"""

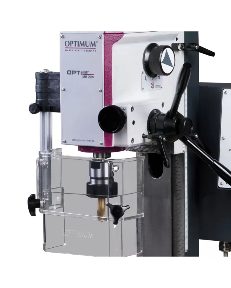 Stolní frézka Optimum OPTImill MH 20 V Frézovací hlava sklopná o ±90° umožňuje frézování a vrtání pod různým úhlem Stranově přestavitelný… Celý popis
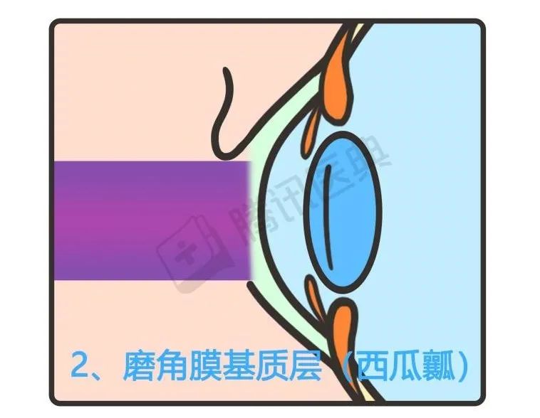 (2)根据准分子激光切削前弹力层和基质(西瓜囊),矫正近视。
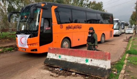 انطلقت الدفعة الرابعة من مهجري حي الوعر في حمص، اليوم، باتجاه مدينة جرابلس بريف حلب، تطبيقاً للاتفاق بين لجنة الحي والنظام، والقاضي بخروج مقاتلي الحي وعائلاتهم، نحو مناطق يختارونها.
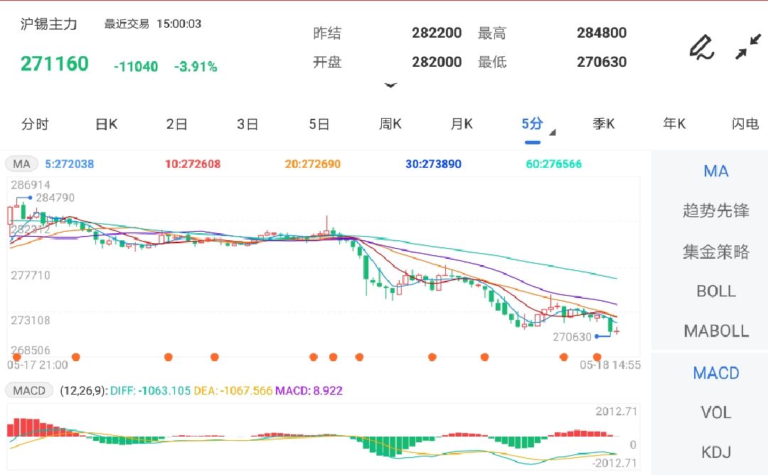 5月18日期货软件走势图综述:沪锡期货主力跌3
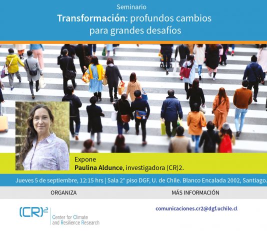Centro de Ciencia del Clima y la Resiliencia (CR)2, invita a paraticipar del seminario "Transformación: profundos cambios para grandes desafíos", que será dictado por Paulina Aldunce, investigadora del (CR)2 y académica de la Facultad de Ciencias Agronómicas de la Universidad de Chile
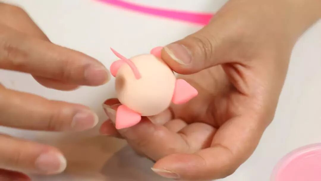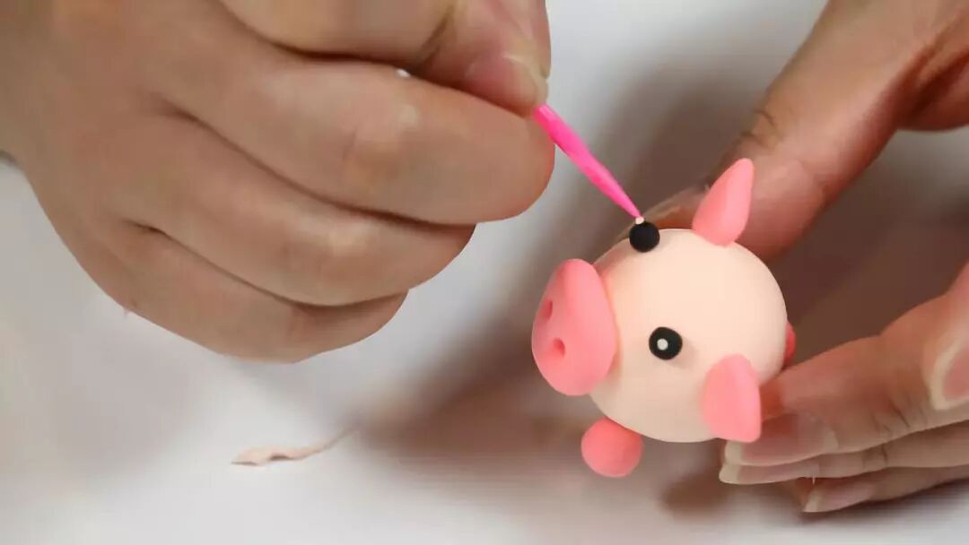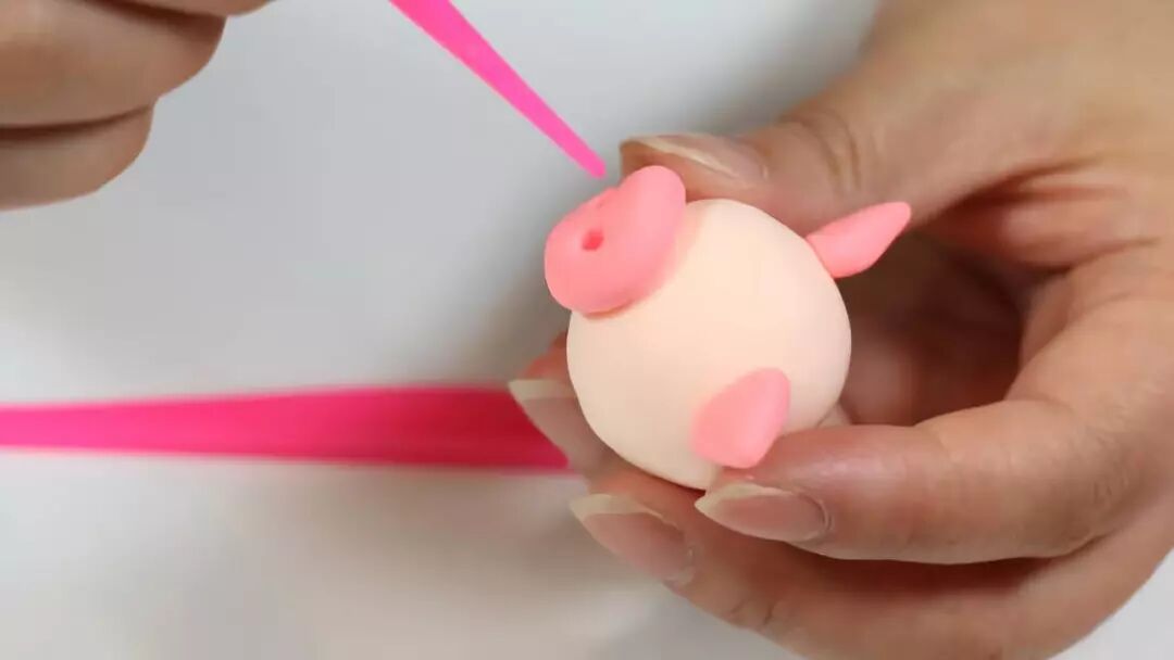 继续搓一个猪鼻子,不用忘了给它戳上两个鼻孔哦~
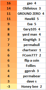 THE MARKET GURU OF THE MONTH LEADER BOARD FOR THURSDAY MARCH 15TH... GAO STILL HOLDS THE LEAD NOW WITH OBLIVIOUS CLOSE BEHIND!!! HONEY BEE IS STILL SUCCESSFULLY PROTECTING HER LEAD FOR THE HIGHLY COVETED BOOBY PRIZE OF THE MONTH... THE STAMPEDE TO THE TOP (AND THE BOTTOM) OF THE LEADER BOARD IS ON!!!
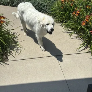 a large white dog laying on the floor
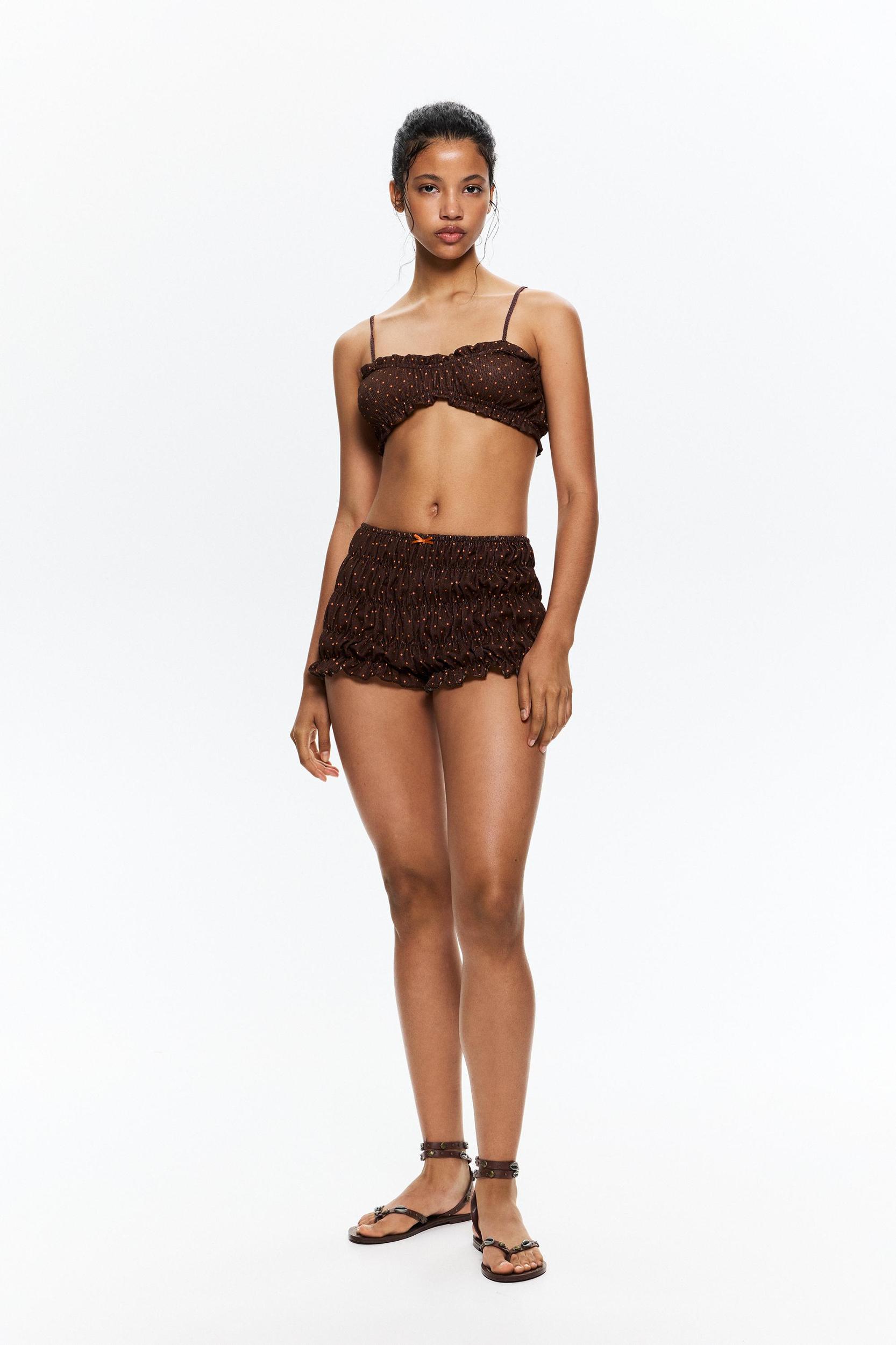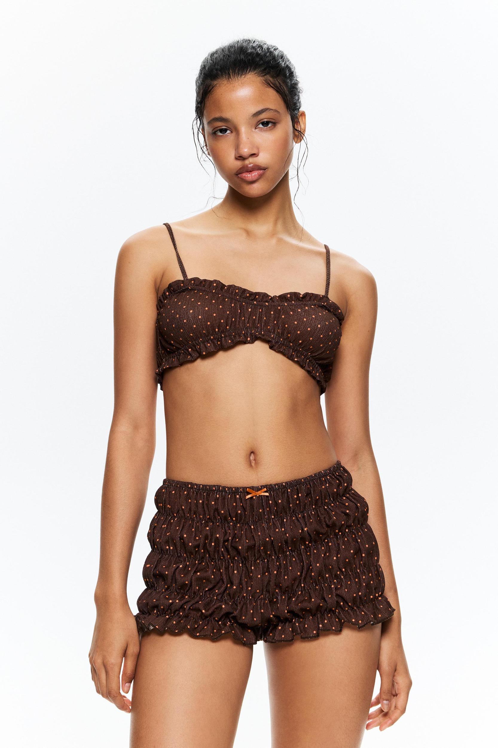 Chocolate brown crop top with a polka dot print and thin straps. Total look Pacific Republic Collection
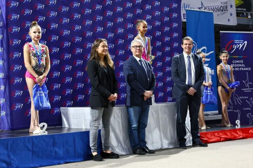 LYON GR_Le podium JUde govou Championne de France Natc 10-11 ans_Au centre Mr James Blateau, Président de la FFGym
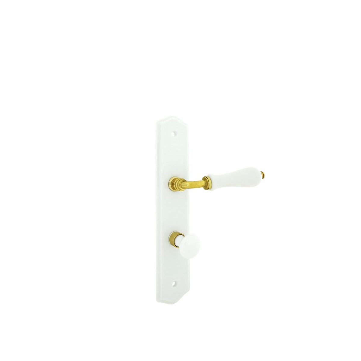 Poignée de porte POIRE sur plaque en porcelaine blanche. Coude doré. Décondamnation. Entraxe de fixation 195mm. Visserie fournie.Spécifications techniques
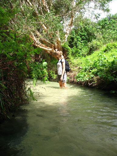 Najskor sme sa rozbehli proti prudu, ale prislo nam lahsie vyjst par metrov oproti prudu po drevenom chodniku a zist ten potok po prude az do ustia do mora
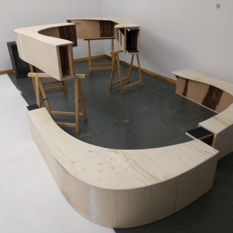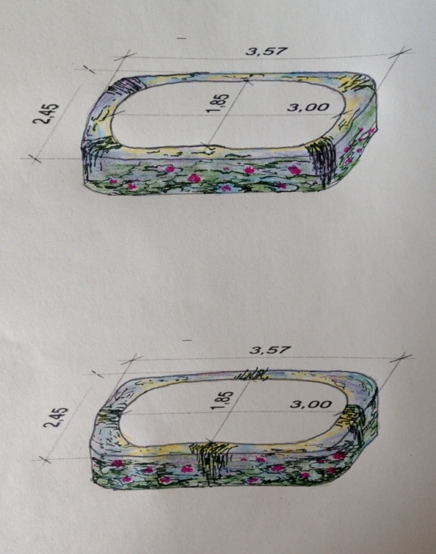 In den Wekstätten des Gießener Theaters wurde der Korpus des Bällebads gebaut. Die einzelnen Teile erreichten die Werkstatt mit einer Skizze, wie das Motiv der "Seerosen" auf das Bällebad übertragen werden soll und einer Vorlage eines Bildausschnittes von Claude Monets "Seerosen".

"""

WHAT YOU NEED TO DO
Transcribe only these lines, exactly: the first line of the listing, every line after it, and the line with "继续搓一个猪鼻子,不用忘了给它戳上两个鼻孔哦~", where the copy ends. Include no picture.

TASK OUTPUT
 Stolní frézka Optimum OPTImill MH 20 V Frézovací hlava sklopná o ±90° umožňuje frézování a vrtání pod různým úhlem Stranově přestavitelný… Celý popis
 (2)根据准分子激光切削前弹力层和基质(西瓜囊),矫正近视。
 انطلقت الدفعة الرابعة من مهجري حي الوعر في حمص، اليوم، باتجاه مدينة جرابلس بريف حلب، تطبيقاً للاتفاق بين لجنة الحي والنظام، والقاضي بخروج مقاتلي الحي وعائلاتهم، نحو مناطق يختارونها.
 5月18日期货软件走势图综述:沪锡期货主力跌3
Centro de Ciencia del Clima y la Resiliencia (CR)2, invita a paraticipar del seminario "Transformación: profundos cambios para grandes desafíos", que será dictado por Paulina Aldunce, investigadora del (CR)2 y académica de la Facultad de Ciencias Agronómicas de la Universidad de Chile
 继续搓一个猪鼻子,不用忘了给它戳上两个鼻孔哦~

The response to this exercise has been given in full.